Adic topology
A linear topology of a ring $ A $
in which the fundamental system of neighbourhoods of zero consists of the powers $ \mathfrak A ^ {n} $
of some two-sided ideal $ \mathfrak A $.
The topology is then said to be $ \mathfrak A $-
adic, and the ideal $ \mathfrak A $
is said to be the defining ideal of the topology. The closure of any set $ F \subset A $
in the $ \mathfrak A $-
adic topology is equal to $ \cap _ {n \geq 0 } ( F + \mathfrak A ^ {n} ) $;
in particular, the topology is separable if, and only if, $ \cap _ {n \geq 0 } \mathfrak A ^ {n} = (0) $.

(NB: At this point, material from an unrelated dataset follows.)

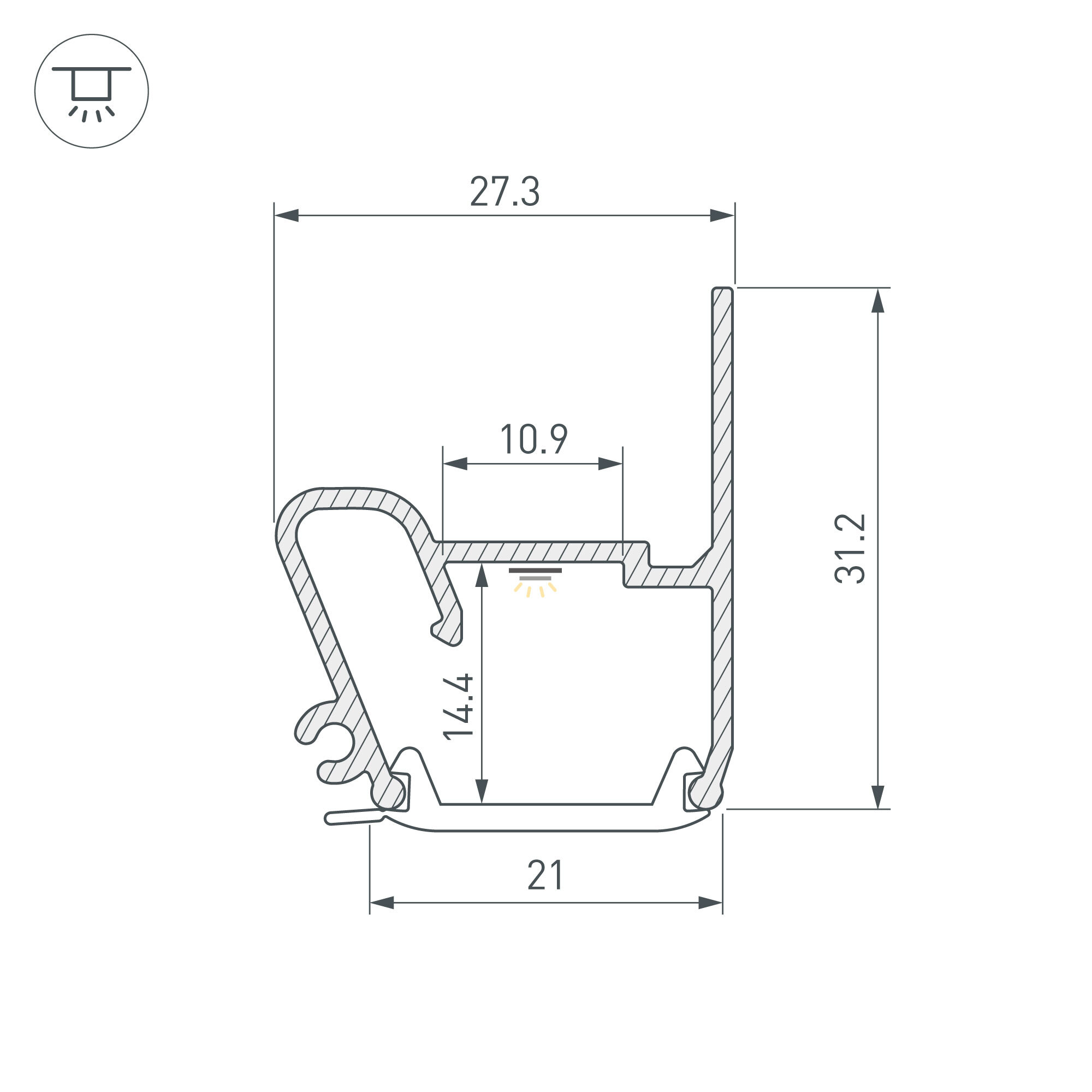 Алюминиевый профиль для натяжных потолков (боковая линия). Решение 2-в-1 - каркас для крепления натяжного потолка и профиль для установки светодиодной ленты. Для дизайнерских решений «линии света» в натяжных потолках. Монтируется к стене накладным способом. Ширина площадки для ленты 10,9 мм. Длина 2000 мм. Цена за 1 м. Профили соединяются между собой стыковочным штифтом (гвоздем) 2,5 мм.

The separable completion $ \widehat{A} $
of the ring $ A $
in an $ \mathfrak A $-
adic topology is isomorphic to the projective limit $ \lim\limits _ \leftarrow ( A / \mathfrak A ^ {n} ) $.
The $ \mathfrak A $- adic topology of an $ A $- module $ M $ is defined in a similar manner: its fundamental system of neighbourhoods of zero is given by the submodules $ \mathfrak A ^ {n} M $; in the $ \mathfrak A $- adic topology $ M $ becomes a topological $ A $- module.
Let $ A $ be a commutative ring with identity with an $ \mathfrak A $- adic topology and let $ \widehat{A} $ be its completion; if $ \mathfrak A $ is an ideal of finite type, the topology in $ \widehat{A} $ is $ \widehat{\mathfrak A} $- adic, and $ {\widehat{\mathfrak A} } {} ^ {n} = \mathfrak A ^ {n} \widehat{A} $. If $ \mathfrak A $ is a maximal ideal, then $ \widehat{A} $ is a local ring with maximal ideal $ \widehat{\mathfrak A} $. A local ring topology is an adic topology defined by its maximal ideal (an $ \mathfrak m $- adic topology).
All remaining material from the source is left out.